International Oil Companies (IOCs) and their indigenous counterparts operating in Nigeria posted cumulated earnings of over $17.125 billion in the first half (H1) of 2017.
This is therefore a significant reversal compared with the losses experienced by these companies as a result of low crude oil prices, which reduced their earnings by over 80 per cent a year ago.
For instance, ExxonMobil Corporation earnings of $7.4 billion (N2.257 trillion) increased by 110 per cent in H1 from $3.5 billion in second quarter (Q2) 2016.
The company announced estimated Q2 2017 earnings of $3.4 billion or $0.78 per diluted share, compared with $1.7 billion a year earlier, as oil and gas realisations increased and refining margins improved.
Also, Chevron Corporation reported earnings of $1.5 billion (N457.4 billion) for Q2 2017, compared with a loss of $1.5 billion in Q2 2016.
Included in the quarter were impairments and other non-cash charges totalling $430 million, partially offset by gains on asset sales of $160 million. Royal Dutch Shell Plc H1 recorded earnings was $7.36 billion (N2.244 trillion), up from $2.6 billion in H1 2016.

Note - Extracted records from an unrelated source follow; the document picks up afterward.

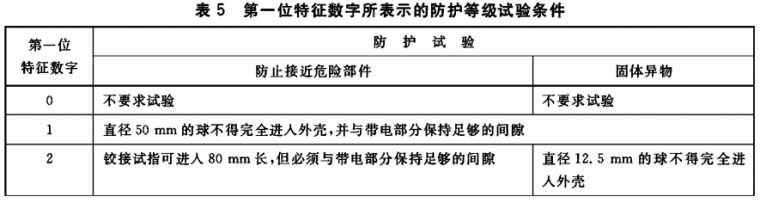 5? 第一位特征數字所表示的防止接近危險部件和防止固體異物進入的防護等級
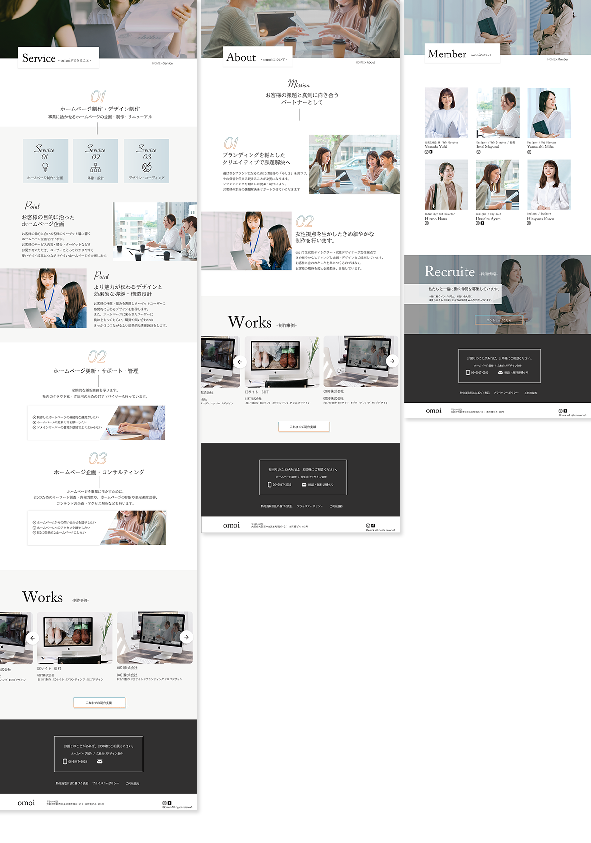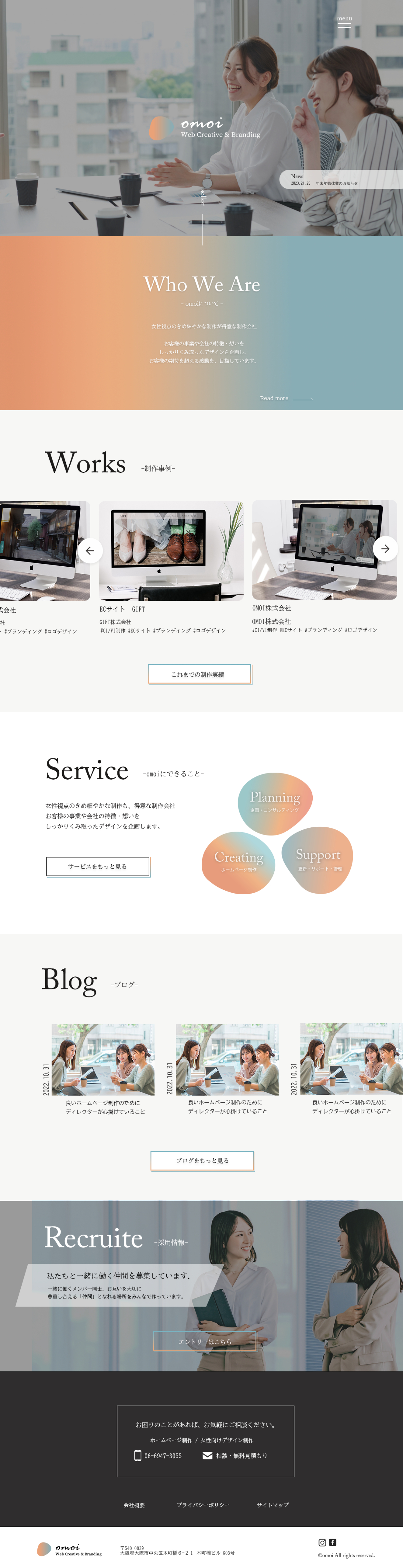 職業訓練校にて制作した課題のWEBサイトです。架空のWEB制作会社『OMOI』のサイトを制作いたしました。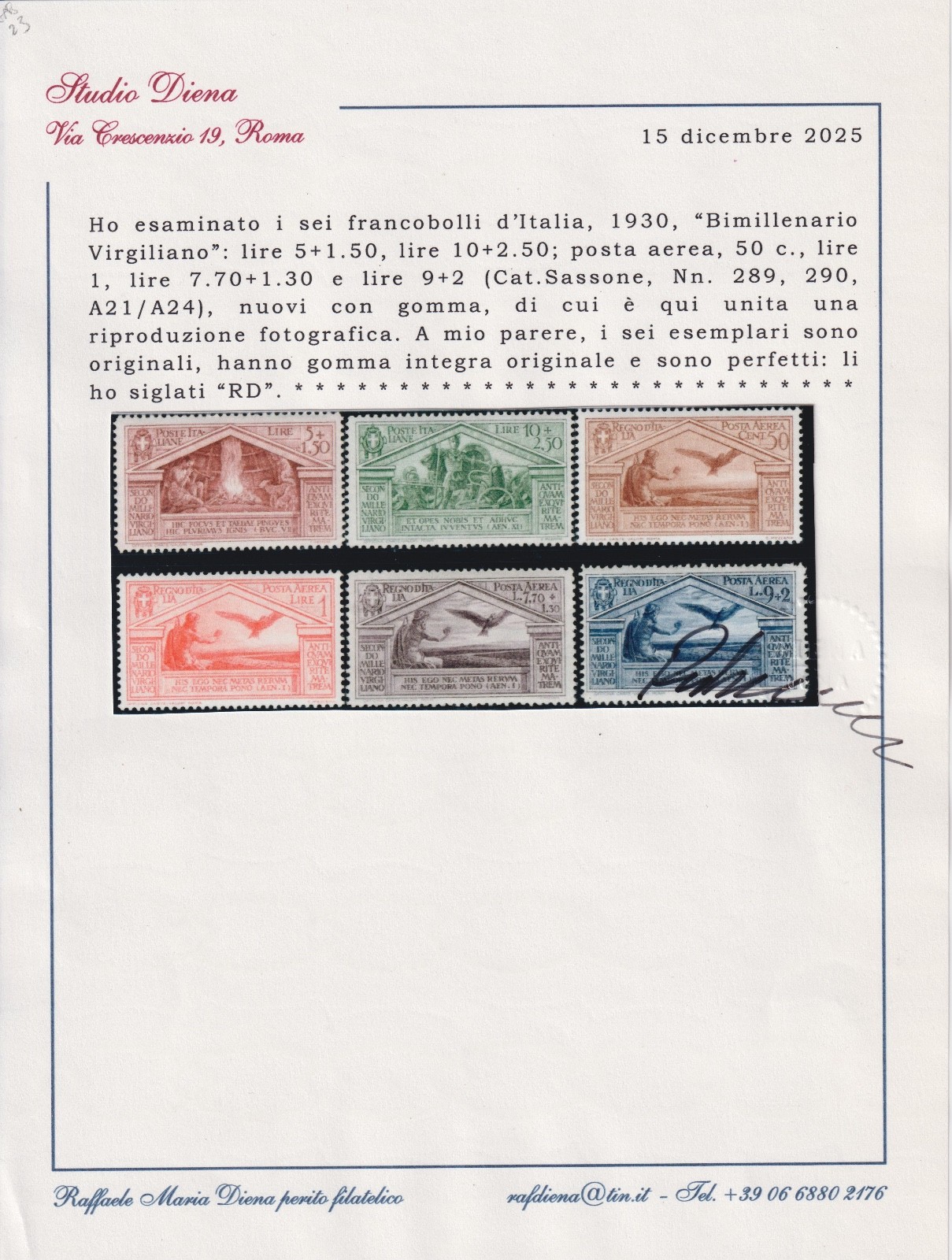 ITALIA REGNO 1930 BIMILLENARIO VIRGILIO 13 VALORI MNH CERTIFICATO DIENA

On the home front, Oando Plc, Nigeria’s indigenous energy group listed on both the Nigerian and Johannesburg Stock Exchange, revenue increased from N111.207 billion in H1 2016 to N233.544 billion ($765.718 million) in 2017.
A comparative review of Oando’s financials further showed positive performance across all financial indices, as turnover increased by 26 per cent to N267.1 billion from N212.3 billion. Gross profit increased by 76 per cent to N33.4 billion from N19 billion, net finance costs more than halved to N16.4 billion from N35.3 billion, while profit-after-tax increased by 117 per cent to N4.6 billion from a loss of N26.9 billion in H1 2016.
However, Seplat Petroleum Development Plc H1 report showed that its revenue declined from $153 million to $132 million (N40.2 billion), representing a 14 per cent loss over last year performance.
The Group loss after tax for H1 2017 was $28 million (₦8 billion), compared to a loss of $61 million (₦13 billion) same period in 2016.
The company attributed the drop in revenue to the suspension of exports at the Forcados terminal, and consequent lower oil sales together with lower oil prices in the period offset the year-on-year increase in gas production rates and step-up in gas revenues.
Speaking on the performance, ExxonMobil’s Chairman and Chief Executive Officer, Darren W. Woods, said: “These solid results across our businesses were driven by higher commodity prices and a continued focus on operations and business fundamentals. Our job is to grow long – term value by investing in our integrated.”